> Exercise details: Exactly and only the lines from the first entry through the line with "1、首先打开提瓦特小助手中文版,在更多功能模块点击队伍使用率排行;" should be copied, both ends included, with no pictures.

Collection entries

==================================================

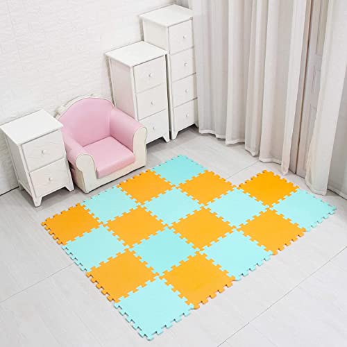 Qqpp Tappeto Bambini Puzzle con Certificato CE in Morbido Gomma Eva | Tappeti da Gioco per Bambina | Tatami. 18 Pezzi (30 * 30 * 1cm), Arancione & Verde. QQC-BHb18N
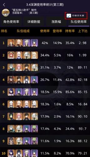 1、首先打开提瓦特小助手中文版,在更多功能模块点击队伍使用率排行;
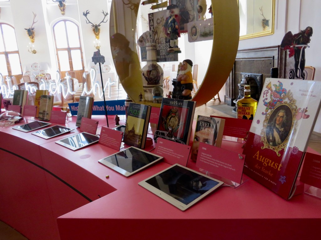 Надо отметить, что выставка про Августа проходит в рамках постоянной выставки в замке Морицбург — «Barocketage». До 1 ноября можно будет рассмотреть во всех подробностях королевские комнаты, предметы интерьера, картины, мебель…
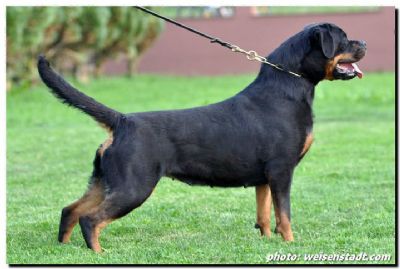 Jule comes to Valstam from good friend Dennis Stavropoulos at Entfernland Rottweilers. Jule is the product of intense line breeding on some of Germany's best blood. Jule has a successful show record throughout Europe boasting 3 x BOB and has proven herself on the working field obtaining an IPO1.
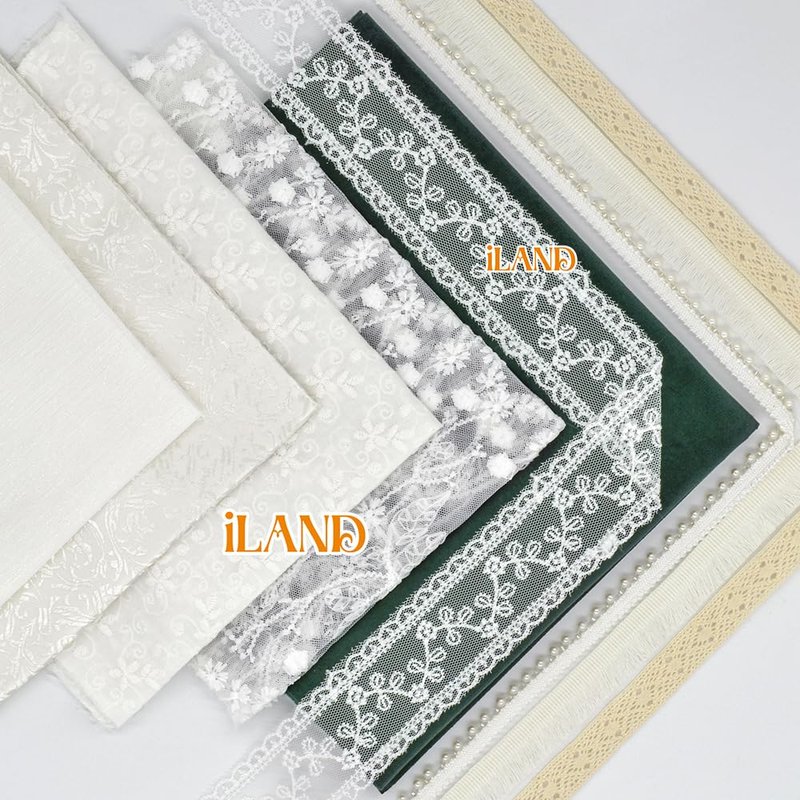 iLAND Dollhouse Fabric Bundles w/Laces, DIY Dollhouse Bedding, Curtains, Cusions, Tablecloths or Doll Making (Gorgeous Arias)
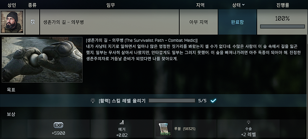 타르코프 퀘스트 생존가의 길 - 의무병 (The Survivalist Path - Combat Medic)

==================================================

> Result:
 Qqpp Tappeto Bambini Puzzle con Certificato CE in Morbido Gomma Eva | Tappeti da Gioco per Bambina | Tatami. 18 Pezzi (30 * 30 * 1cm), Arancione & Verde. QQC-BHb18N
 1、首先打开提瓦特小助手中文版,在更多功能模块点击队伍使用率排行;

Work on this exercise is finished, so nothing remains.